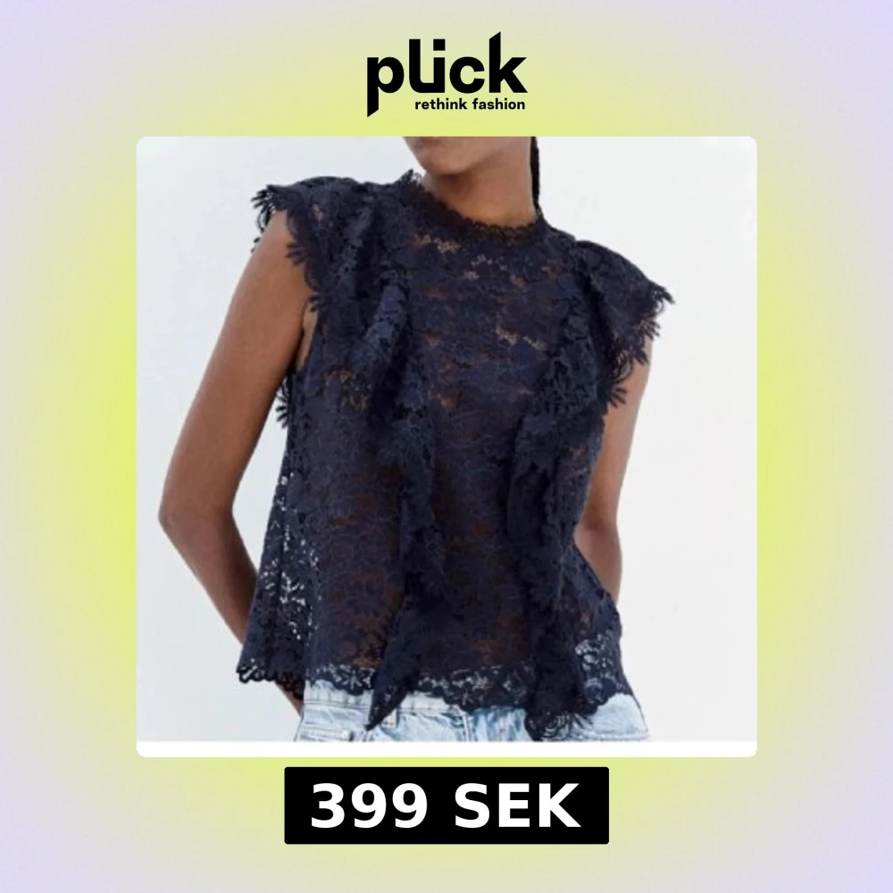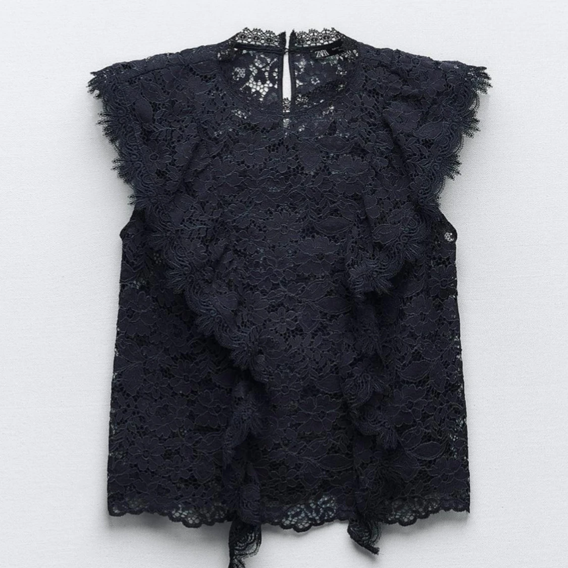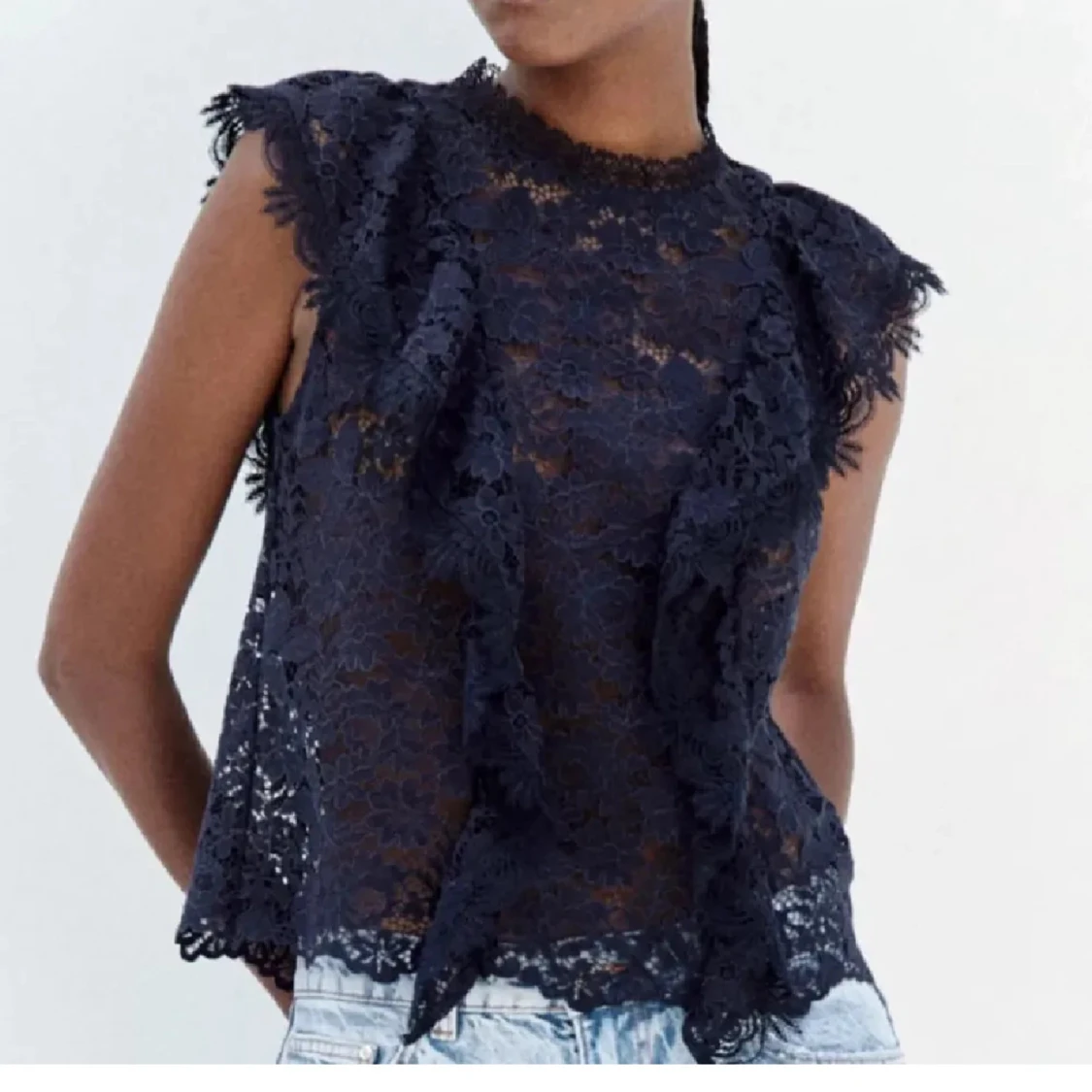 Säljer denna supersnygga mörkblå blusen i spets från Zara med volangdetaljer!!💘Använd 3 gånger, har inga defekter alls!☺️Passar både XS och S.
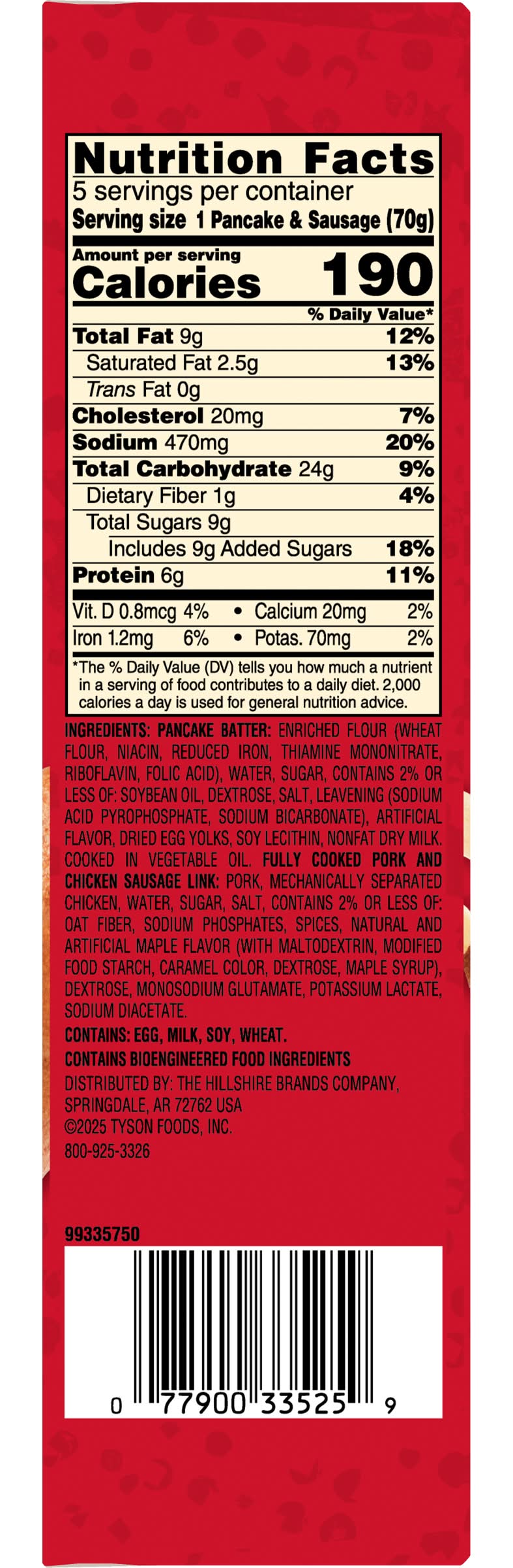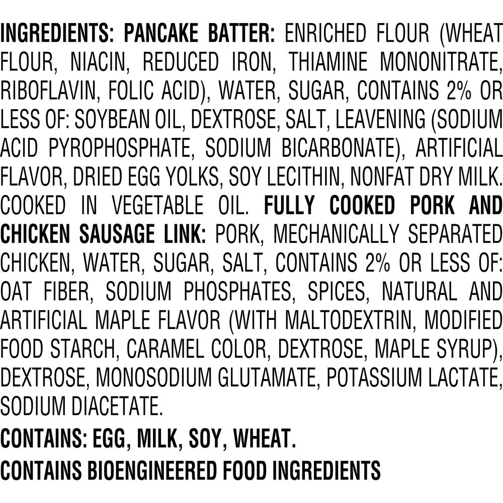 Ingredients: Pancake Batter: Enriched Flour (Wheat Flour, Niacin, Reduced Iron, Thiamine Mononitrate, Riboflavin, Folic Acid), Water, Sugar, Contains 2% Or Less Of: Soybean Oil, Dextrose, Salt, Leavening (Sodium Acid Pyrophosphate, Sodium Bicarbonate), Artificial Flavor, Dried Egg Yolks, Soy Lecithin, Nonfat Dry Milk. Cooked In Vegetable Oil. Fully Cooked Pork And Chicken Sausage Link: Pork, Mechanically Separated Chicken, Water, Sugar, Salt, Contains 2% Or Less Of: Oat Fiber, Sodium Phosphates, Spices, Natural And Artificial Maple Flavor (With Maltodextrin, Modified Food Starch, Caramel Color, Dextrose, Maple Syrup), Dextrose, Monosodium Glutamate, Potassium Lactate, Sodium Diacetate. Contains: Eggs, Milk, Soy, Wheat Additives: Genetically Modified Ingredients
==
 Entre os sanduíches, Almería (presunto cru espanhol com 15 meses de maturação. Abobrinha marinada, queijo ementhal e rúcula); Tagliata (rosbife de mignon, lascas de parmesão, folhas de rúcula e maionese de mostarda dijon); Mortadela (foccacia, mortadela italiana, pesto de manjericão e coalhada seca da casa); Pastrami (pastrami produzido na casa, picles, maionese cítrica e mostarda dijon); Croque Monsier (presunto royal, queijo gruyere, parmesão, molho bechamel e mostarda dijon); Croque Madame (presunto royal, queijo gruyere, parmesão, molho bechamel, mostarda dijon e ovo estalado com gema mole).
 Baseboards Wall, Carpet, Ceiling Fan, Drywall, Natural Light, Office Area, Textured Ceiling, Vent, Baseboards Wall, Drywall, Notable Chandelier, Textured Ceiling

→ **Your goal**
Nothing but the lines above, starting at the line that contains "Säljer denna supersnygga" and ending at the line that contains "Ingredients: Pancake Batter: Enriched", should be given again, exactly and without the pictures.

→ **Your response**
 Säljer denna supersnygga mörkblå blusen i spets från Zara med volangdetaljer!!💘Använd 3 gånger, har inga defekter alls!☺️Passar både XS och S.
 Ingredients: Pancake Batter: Enriched Flour (Wheat Flour, Niacin, Reduced Iron, Thiamine Mononitrate, Riboflavin, Folic Acid), Water, Sugar, Contains 2% Or Less Of: Soybean Oil, Dextrose, Salt, Leavening (Sodium Acid Pyrophosphate, Sodium Bicarbonate), Artificial Flavor, Dried Egg Yolks, Soy Lecithin, Nonfat Dry Milk. Cooked In Vegetable Oil. Fully Cooked Pork And Chicken Sausage Link: Pork, Mechanically Separated Chicken, Water, Sugar, Salt, Contains 2% Or Less Of: Oat Fiber, Sodium Phosphates, Spices, Natural And Artificial Maple Flavor (With Maltodextrin, Modified Food Starch, Caramel Color, Dextrose, Maple Syrup), Dextrose, Monosodium Glutamate, Potassium Lactate, Sodium Diacetate. Contains: Eggs, Milk, Soy, Wheat Additives: Genetically Modified Ingredients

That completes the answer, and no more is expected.